Le coût économique est tout aussi sévère. Les usines ne peuvent pas se développer lorsque les chaînes d’assemblage s’interrompent. L’agro-industrie perd de la valeur faute de systèmes de stockage à froid. Les start-ups paient un surcoût pour fonctionner au diesel faute de réseaux fiables. La fracture numérique s’aggrave, privant des millions de personnes d’accès à l’éducation en ligne, à la finance et au travail. D’ici 2035, un nouveau travailleur sur cinq dans le monde sera africain, mais sans électricité, beaucoup resteront exclus des économies qu’ils sont pourtant censés transformer.

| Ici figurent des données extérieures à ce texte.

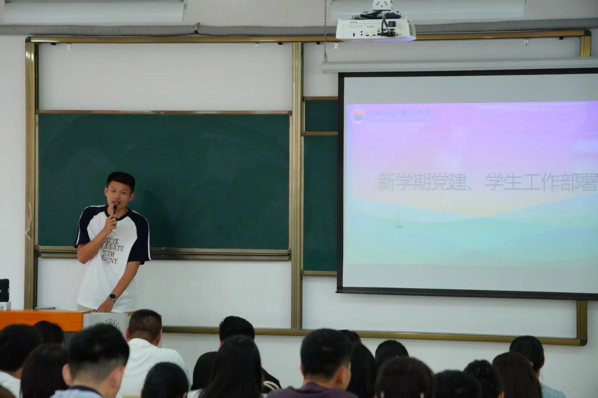 党总支书记陈绍勇对新学期党建、学生管理及迎新工作等进行具体部署,他还就学生实习就业及安全等工作内容提出具体要求,希望各实习指导老师、学业导师及辅导员加强沟通,加强学生学涯规划和职业发展指导,强化责任意识,担当作为。他还就相关工作纪律和管理文件作了强调,要求与会人员再学习、再强化,对标对表履职尽责,全面提升育人实效。

L’Argument d’Investissement de l’Afrique
Au-delà du déficit d’accès se trouve l’un des arguments d’investissement les plus convaincants au monde. L’Afrique détient 60 % des meilleures ressources solaires de la planète, ainsi que d’importants couloirs de vent, un potentiel hydroélectrique inexploité et des gisements géothermiques le long de la vallée du Rift. Sous son sol se trouvent le lithium, le cobalt, le graphite et le platine — les minéraux qui ancrent les chaînes d’approvisionnement mondiales des batteries, des véhicules électriques et des technologies d’énergie propre. L’Afrique n’est pas un simple bénéficiaire passif de la transition énergétique. Elle en est un acteur structurel.
Les données démographiques amplifient ces atouts. Une population jeune et en rapide urbanisation garantit une demande croissante d’électricité pour les décennies à venir. L’électricité fiable ne se limite pas à éclairer les maisons : elle est la base des pôles industriels, des centres de données, des chaînes du froid et du traitement local des minéraux, là où se crée la majeure partie de la valeur. L’énergie est le levier qui transforme les ressources naturelles en emplois, en compétitivité et en croissance.

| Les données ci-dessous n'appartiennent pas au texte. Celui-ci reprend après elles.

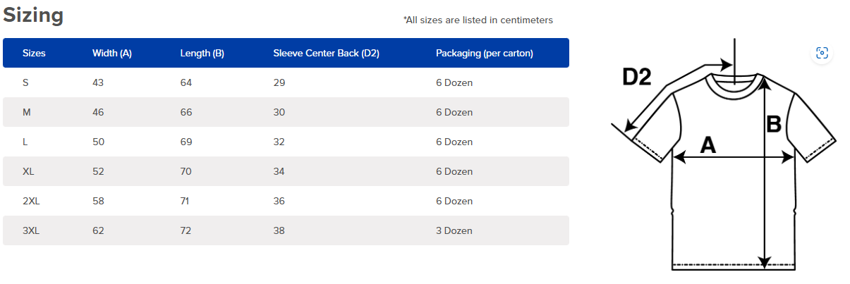 Sizes S - 2XL

Le continent se trouve à un carrefour. Si les systèmes énergétiques se développent, l’Afrique peut devenir un moteur énergétique mondial et une base manufacturière. Sinon, ses ressources resteront inexploitées et le fossé du développement se creusera. La question n’est plus de savoir si l’Afrique a besoin d’investissements. La vraie question est de savoir pourquoi les investisseurs devraient agir maintenant.

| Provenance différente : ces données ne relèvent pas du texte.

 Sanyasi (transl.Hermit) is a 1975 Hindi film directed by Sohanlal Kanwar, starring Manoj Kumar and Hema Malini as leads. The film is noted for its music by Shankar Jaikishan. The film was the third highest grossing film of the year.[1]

Pourquoi les Investisseurs Doivent Agir
L’électrification en Afrique représente le plus grand déficit d’accès au monde, et donc le plus grand marché inexploité de l’électricité. Atteindre une couverture universelle d’ici 2035 nécessitera environ 150 milliards de dollars d’investissements cumulés, soit près de six fois les niveaux d’engagement annuels actuels. Le financement public seul ne peut pas y parvenir ; le capital privé doit intervenir.
Pour les investisseurs, l’argument est à la fois financier et stratégique. Les ressources de l’Afrique se traduisent directement en portefeuilles de projets bancables. Sans électricité, il n’y a ni économie numérique, ni usines compétitives, ni systèmes alimentaires résilients. Investir aujourd’hui offre une exposition précoce aux marchés de consommation et à la base industrielle de l’Afrique.
Les rendements peuvent être attractifs. Dans des segments tels que les mini-réseaux, les producteurs indépendants d’électricité, le stockage et la transmission, les projets commercialement viables visent souvent des rendements sur fonds propres à deux chiffres, certains atteignant la fourchette de 15 à 20 %. Les résultats varient selon le pays et la structure, mais la tendance est claire. Ces investissements s’alignent également sur les mandats ESG, les obligations vertes et les portefeuilles de l’article 9, combinant performance financière et crédibilité en matière de durabilité.
Appel à l’Action
Les capitaux ne circulent que là où les projets sont bancables. Les gouvernements doivent offrir une certitude réglementaire, des contrats d’achat d’électricité crédibles, des procédures d’appel d’offres transparentes et des outils pour gérer les risques de change et de paiement. Sans cette base, le financement ne se développera pas.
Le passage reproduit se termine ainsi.